04h12 CEST
27/05/2025
Deux mois d'audience pour rien ? Le procès sur la mort de Maradona était mardi sur le fil du rasoir, à risque de nullité, après la mise en cause d'une des juges, soupçonnée d'avoir collaboré à l'insu de tous à un documentaire mais qui s'est défendue de toute "irrégularité".
Après sept jours de suspension, le procès a repris mardi à San Isidro (nord de Buenos Aires) pour juger sept professionnels de santé - médecins, psychiatre, psychologue, infirmiers - accusés de négligences ayant potentiellement entraîné la mort de l'astre du football, en novembre 2020 sur un lit de convalescence à domicile, en post-neurochirurgie.
Reprise d'audience, mais pour combien de temps ? Plusieurs avocats, dont Fernando Burlando, médiatique défenseur des filles aînées de Maradona, sont résolus à demander la récusation de la juge Julieta Makintach, l'une des trois magistrates du procès. Voire le dessaisissement des trois.

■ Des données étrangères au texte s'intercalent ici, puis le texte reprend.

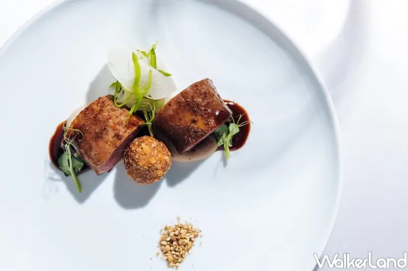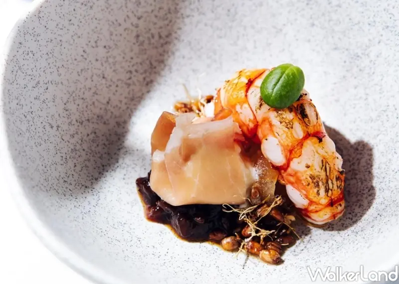 料理方面,以義式傳統菜蜜瓜火腿的水果與冷肉的組合概念的「東北角胭脂蝦/帕瑪火腿/楊桃/慢慢弄絲綢乳酪」,主廚將蜜瓜改為當季的楊桃、並加入了碳烤過的東北角胭脂蝦、再以絲綢乳酪作為食材風味間的橋樑,將海陸的鮮味與水果的酸甜串聯融合一起,並與底部搭配小麥脆粒、營造秋季意象與增添口感和香氣。
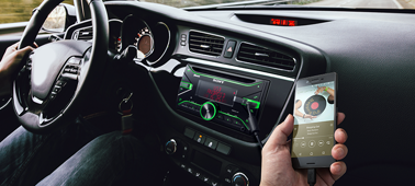 Podłączenie smartfona lub odtwarzacza muzycznego do złącza USB umożliwia odtwarzanie muzyki z aplikacji i łatwe sterowanie za pomocą telefonu. |

D'emblée, la magistrate a pris la parole mardi, pour se défendre contre toute "partialité", niant avoir fait "quoi que ce soit d'irrégulier" sinon avoir "donné une interview à une amie d'enfance, parlant de la justice", dans le but de "rapprocher la justice de la société".

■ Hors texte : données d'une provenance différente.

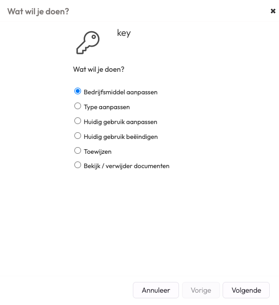 Kies voor de optie 'Bedrijfsmiddel aanpassen' en druk op 'volgende'.
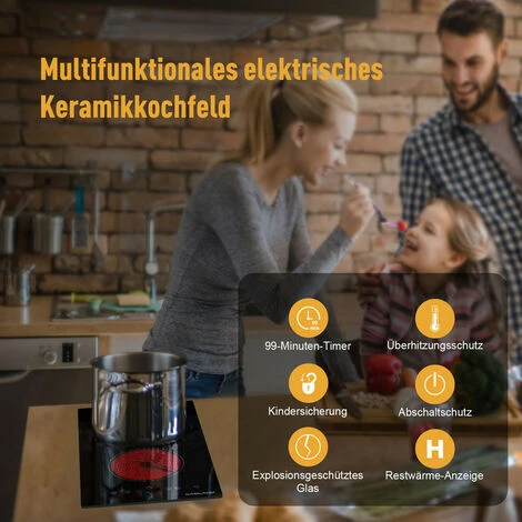 The surface of the ceramic hob is made of high-quality crystal glass that can be easily cleaned with a damp cloth.

- "Opération pour me dessaisir" -
"Il n'y aucun délit ou manquement à la fonction. Ce qu'il peut y avoir est une vaste opération médiatique pour me dessaisir", a insisté la pénaliste de 47 ans. "Je ne vais pas me dessaisir, ni provoquer la nullité des débats, parce qu'ils ne le méritent pas".
Le doute initial est né de la présence en audience, en mars aux premiers jours du procès, de personnes paraissant filmer les débats, où les caméras étaient strictement interdites. Plusieurs parties soupçonnaient alors la connivence d'une magistrate.
Mme Makintach a démenti avoir participé à une production audiovisuelle sur le procès, mais une série de perquisitions depuis une semaine - depuis les demandes de récusation-, puis la diffusion de vidéos dans la presse, ont affaibli sa position.
Des images de vidéosurveillance ont montré la juge parcourant, le dimanche juste avant le procès, les locaux du tribunal, filmée par une équipe, avec plusieurs prises, donnant des bouts d'interview, sur son métier, mais aussi sur le début du procès.
Depuis la semaine dernière, certaines parties spéculent sur le fait que le procès pourrait se poursuivre, avec un nouveau juge nommé en cas de dessaisissement de Julieta Makintach. D'autres, avocats ou observateurs extérieurs, penchent pour la nullité.
Après exposé par les parties, le tribunal doit se prononcer mardi sur le scénario: récusation ou pas, poursuite du procès, annulation.
Le procureur Patricio Ferrari a accusé la juge d'avoir "menti à tous". Et "agi comme une actrice, non comme une juge, dans une téléréalité".
"C'est un scandale d'une ampleur telle que le monde entier parle de la justice argentine comme du pire des exemples", a fulminé Me Burlando ce week-end, remonté contre la "négligence" du tribunal de San Isidro et le "narcissisme" de la magistrate.
- "Ceci est vicié" -
"Le procès ne peut pas continuer, il doit être annulé, même si c'est une honte et un manque total de respect pour Maradona, ses sœurs, ses filles et tous les Argentins qui veulent une justice équitable", a estimé pour l'AFP Adrian Tenca, pénaliste et professeur de droit à l'Université de Buenos Aires.
"Tout le monde a désormais la sensation que ceci est vicié (...) le plus sain est qu'on recommence tout à zéro", a estimé Mario Baudry, avocat de Veronica Ojeda, ex-compagne de Maradona. Selon lui, si toutes les parties se mettent d'accord, un nouveau trio de juges pourrait être désigné en vue de reprendre le procès. Peut-être vers janvier 2026, a-t-il spéculé.
Difficile de percevoir a priori à qui bénéficierait un report, pour de longs mois, d'un procès qui déjà avançait péniblement, à raison de deux audiences par semaine. Et où la majorité des témoignages, quelque 40 à ce jour, ont surtout convergé vers le piètre niveau de soins, d'équipement médical, sur le lieu de convalescence fatal de Maradona à Tigre (nord de Buenos Aires). Sans pour autant dessiner, à ce stade, un clair niveau de responsabilité, ou d'intentionnalité.
Les accusés, qui déclinent toute responsabilité dans le décès, encourent 8 à 25 ans de prison. Seule une d'entre eux a été -brièvement- entendue à ce jour depuis le début du procès.
"Nous sommes la risée du monde, mais c'est ça notre justice en Argentine", s'est désolé Me Baudry.